Stored entries:
* * *

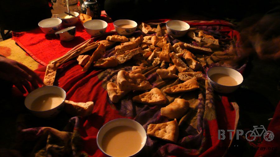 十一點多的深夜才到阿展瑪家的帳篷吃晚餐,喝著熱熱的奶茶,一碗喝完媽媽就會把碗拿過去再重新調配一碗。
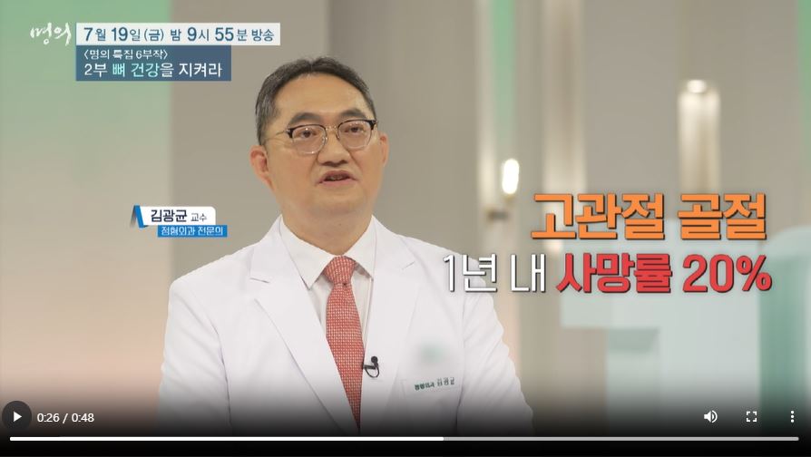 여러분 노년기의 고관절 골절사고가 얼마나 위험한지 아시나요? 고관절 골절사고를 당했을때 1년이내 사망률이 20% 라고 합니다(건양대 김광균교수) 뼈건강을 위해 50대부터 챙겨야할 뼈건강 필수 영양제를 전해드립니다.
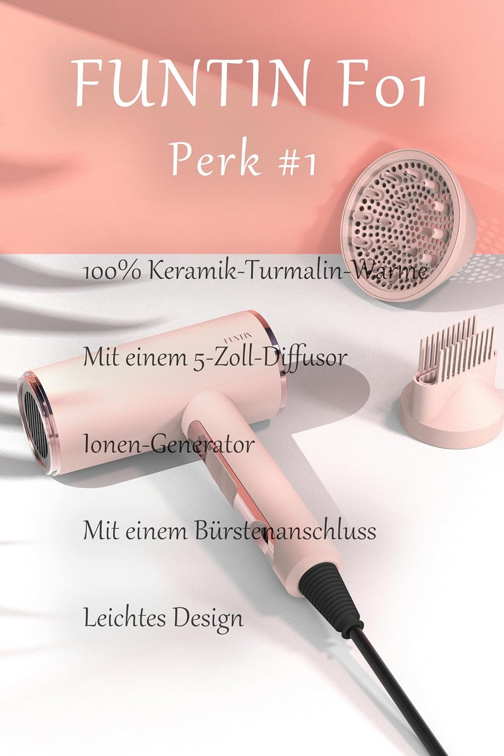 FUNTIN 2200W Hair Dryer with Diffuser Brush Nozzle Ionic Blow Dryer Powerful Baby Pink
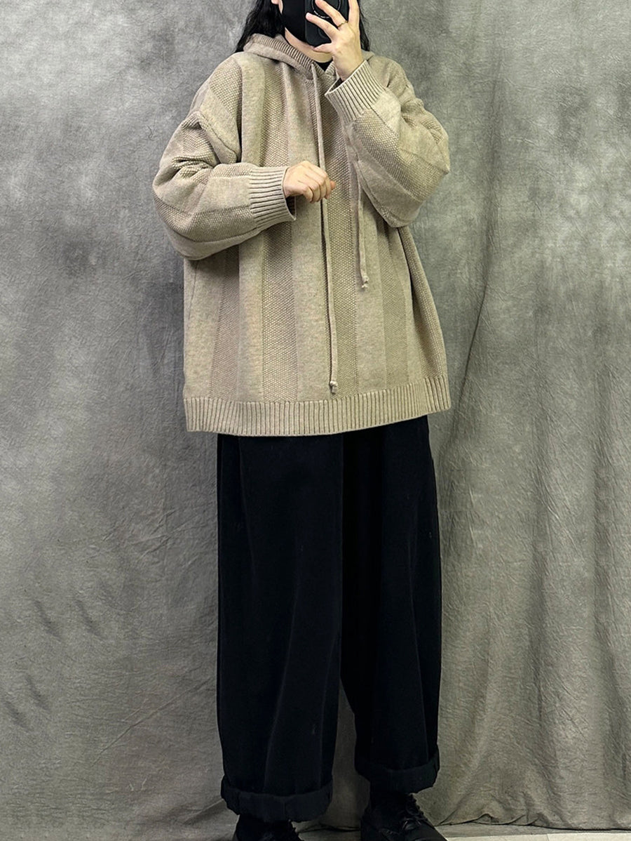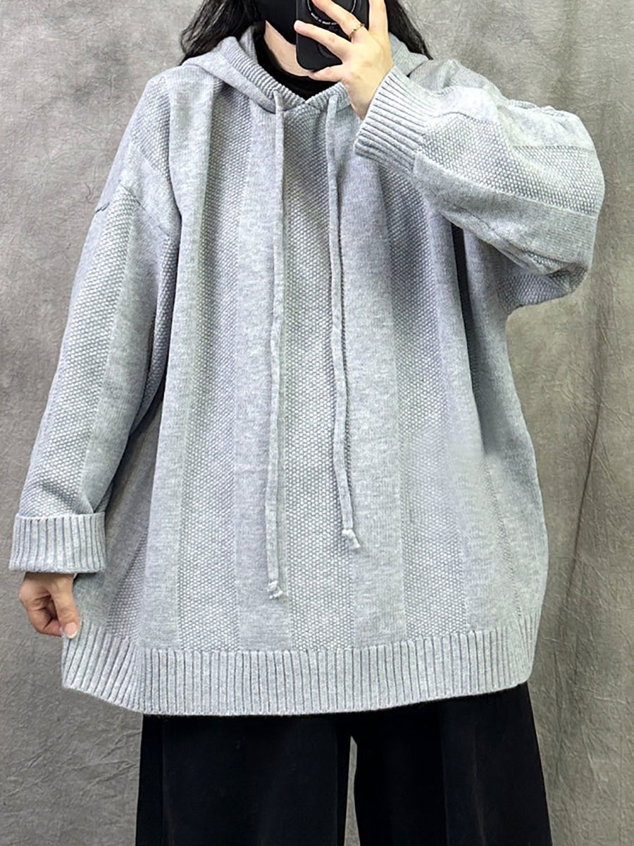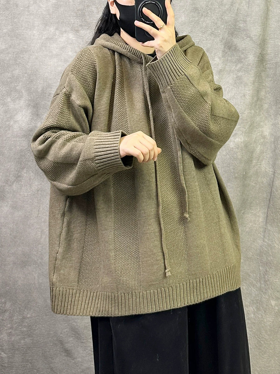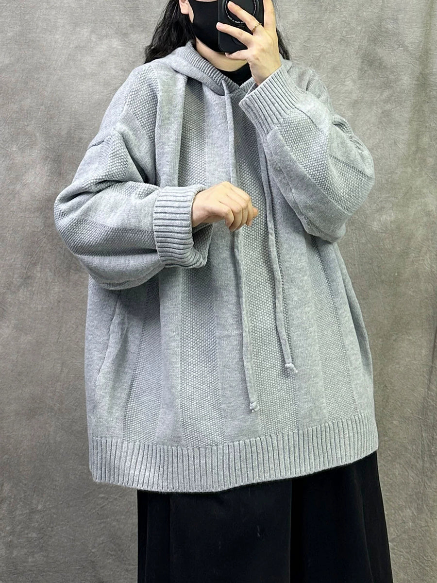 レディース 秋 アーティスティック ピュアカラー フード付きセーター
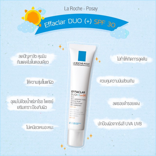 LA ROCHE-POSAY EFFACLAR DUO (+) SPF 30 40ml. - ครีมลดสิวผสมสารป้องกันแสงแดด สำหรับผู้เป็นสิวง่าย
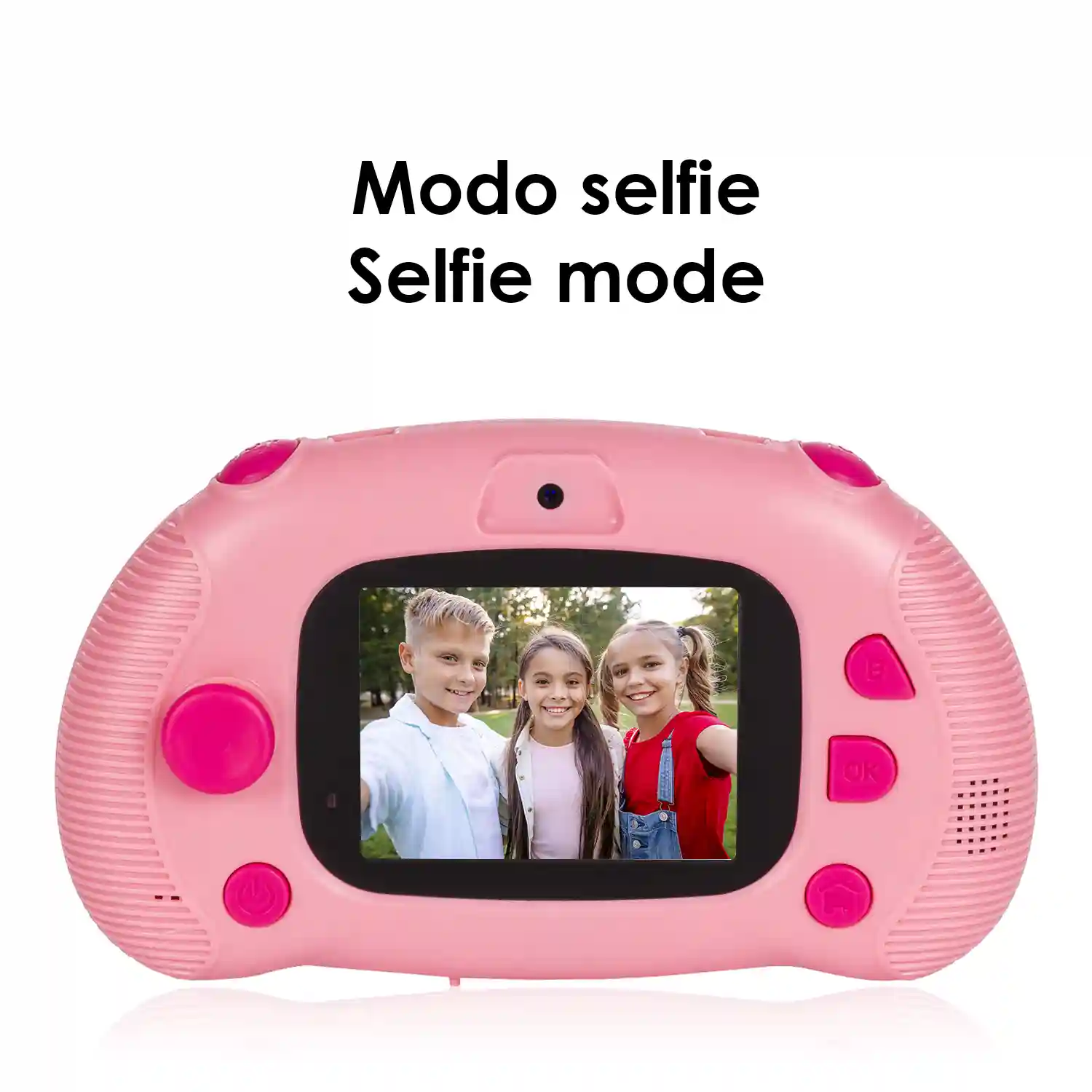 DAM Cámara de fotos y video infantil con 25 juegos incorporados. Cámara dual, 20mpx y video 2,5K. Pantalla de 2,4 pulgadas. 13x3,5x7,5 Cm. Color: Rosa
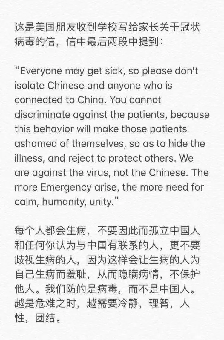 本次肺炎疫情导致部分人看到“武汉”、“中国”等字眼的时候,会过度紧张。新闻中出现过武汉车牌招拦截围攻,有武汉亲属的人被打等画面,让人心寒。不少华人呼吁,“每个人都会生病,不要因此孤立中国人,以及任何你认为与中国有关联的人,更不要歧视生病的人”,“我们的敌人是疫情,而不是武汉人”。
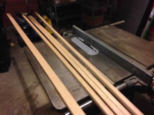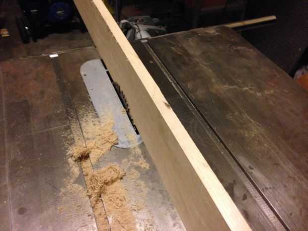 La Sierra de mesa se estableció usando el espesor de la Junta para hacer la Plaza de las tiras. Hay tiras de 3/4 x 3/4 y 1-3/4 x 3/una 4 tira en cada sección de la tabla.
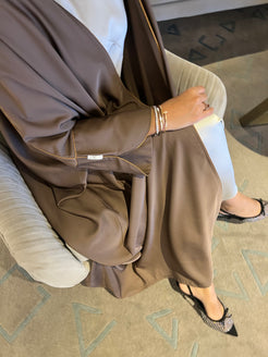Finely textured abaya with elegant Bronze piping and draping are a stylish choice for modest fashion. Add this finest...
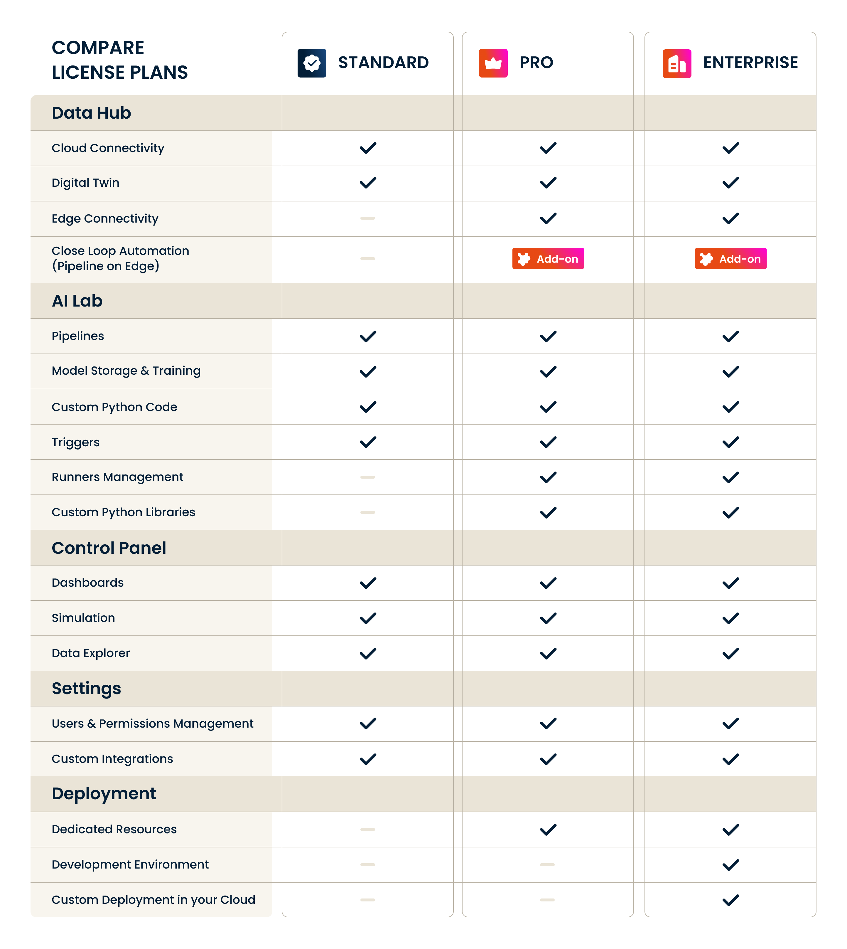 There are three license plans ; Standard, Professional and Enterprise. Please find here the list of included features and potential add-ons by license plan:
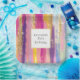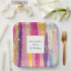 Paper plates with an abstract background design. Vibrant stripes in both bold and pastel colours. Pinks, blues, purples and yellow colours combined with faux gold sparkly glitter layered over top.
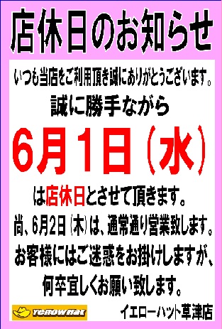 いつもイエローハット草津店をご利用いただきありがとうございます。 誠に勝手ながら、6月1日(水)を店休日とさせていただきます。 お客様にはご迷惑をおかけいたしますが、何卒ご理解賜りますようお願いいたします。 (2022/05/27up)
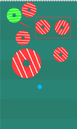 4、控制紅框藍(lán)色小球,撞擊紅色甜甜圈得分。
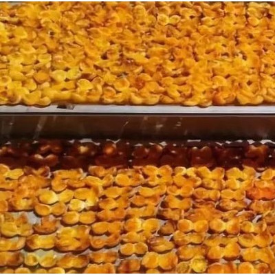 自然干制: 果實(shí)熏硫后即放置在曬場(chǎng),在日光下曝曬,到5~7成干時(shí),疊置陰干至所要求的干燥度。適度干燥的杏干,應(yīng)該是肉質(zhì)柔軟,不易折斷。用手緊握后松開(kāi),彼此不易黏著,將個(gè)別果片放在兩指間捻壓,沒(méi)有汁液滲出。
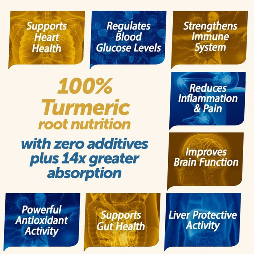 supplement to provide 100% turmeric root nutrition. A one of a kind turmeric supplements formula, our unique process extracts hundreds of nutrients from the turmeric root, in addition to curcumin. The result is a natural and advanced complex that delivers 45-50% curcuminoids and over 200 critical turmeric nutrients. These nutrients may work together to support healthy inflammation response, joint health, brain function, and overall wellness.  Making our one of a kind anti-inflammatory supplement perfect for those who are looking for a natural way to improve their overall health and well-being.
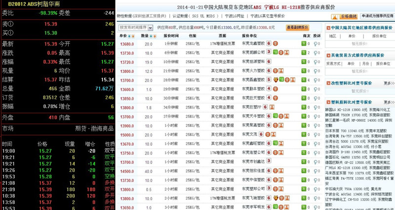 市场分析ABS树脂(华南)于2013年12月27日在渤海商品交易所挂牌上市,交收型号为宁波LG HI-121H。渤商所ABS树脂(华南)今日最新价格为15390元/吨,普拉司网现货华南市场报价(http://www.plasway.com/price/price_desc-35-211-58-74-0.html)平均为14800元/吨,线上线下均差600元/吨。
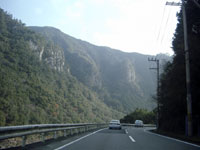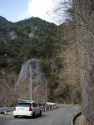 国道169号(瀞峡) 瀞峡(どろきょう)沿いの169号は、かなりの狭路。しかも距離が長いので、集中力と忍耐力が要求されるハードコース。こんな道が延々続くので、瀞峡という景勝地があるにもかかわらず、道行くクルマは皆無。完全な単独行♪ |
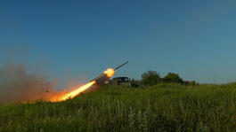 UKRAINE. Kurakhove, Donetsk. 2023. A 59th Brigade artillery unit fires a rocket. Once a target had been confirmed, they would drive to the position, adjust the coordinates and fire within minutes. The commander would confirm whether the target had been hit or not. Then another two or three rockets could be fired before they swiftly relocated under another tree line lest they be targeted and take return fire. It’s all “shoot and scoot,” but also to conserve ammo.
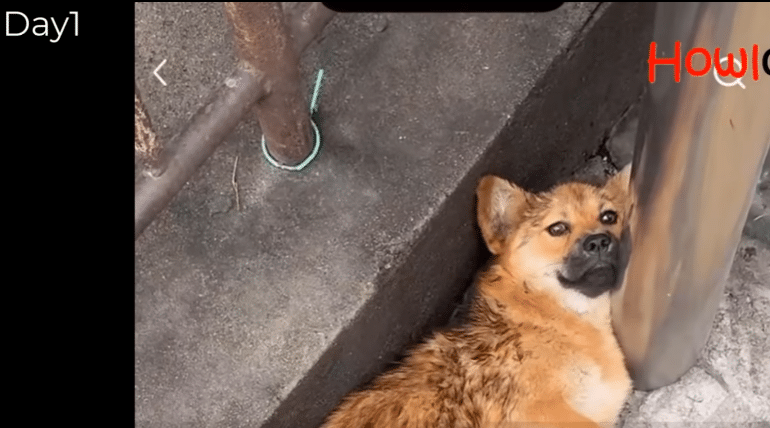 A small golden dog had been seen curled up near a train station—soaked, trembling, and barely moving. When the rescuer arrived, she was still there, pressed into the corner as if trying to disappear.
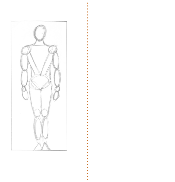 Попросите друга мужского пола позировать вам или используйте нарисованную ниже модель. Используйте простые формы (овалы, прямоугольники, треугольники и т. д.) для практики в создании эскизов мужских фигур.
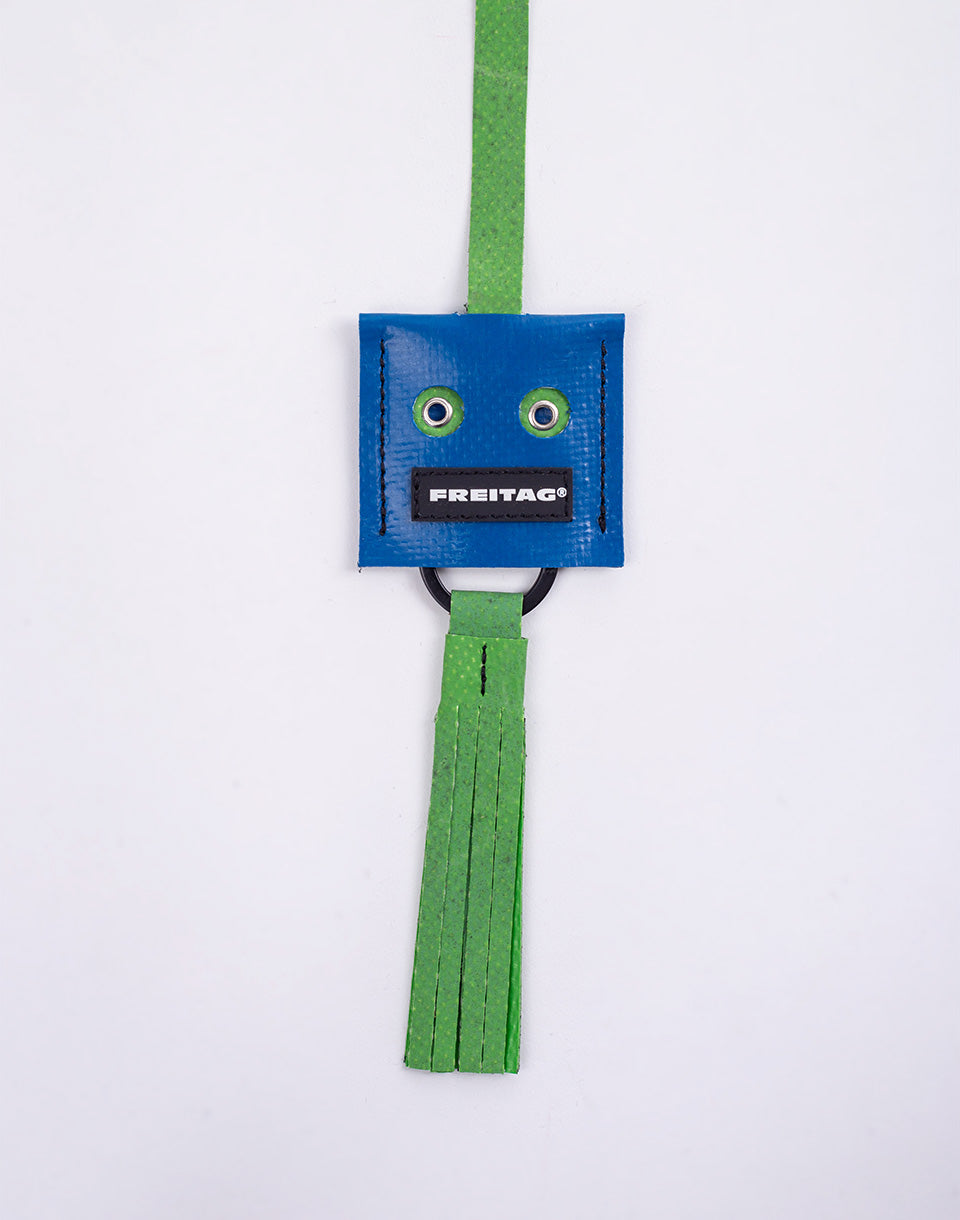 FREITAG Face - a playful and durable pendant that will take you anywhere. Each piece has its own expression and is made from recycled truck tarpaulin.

* * *

Problem statement ▸
Starting at the line with "4、控制紅框藍(lán)色小球,撞擊紅色甜甜圈得分。" in the entries above, write out every line exactly until the line with "自然干制: 果實(shí)熏" has been written. Include no pictures and nothing more.

Task solution ▸
 4、控制紅框藍(lán)色小球,撞擊紅色甜甜圈得分。
 自然干制: 果實(shí)熏硫后即放置在曬場(chǎng),在日光下曝曬,到5~7成干時(shí),疊置陰干至所要求的干燥度。適度干燥的杏干,應(yīng)該是肉質(zhì)柔軟,不易折斷。用手緊握后松開(kāi),彼此不易黏著,將個(gè)別果片放在兩指間捻壓,沒(méi)有汁液滲出。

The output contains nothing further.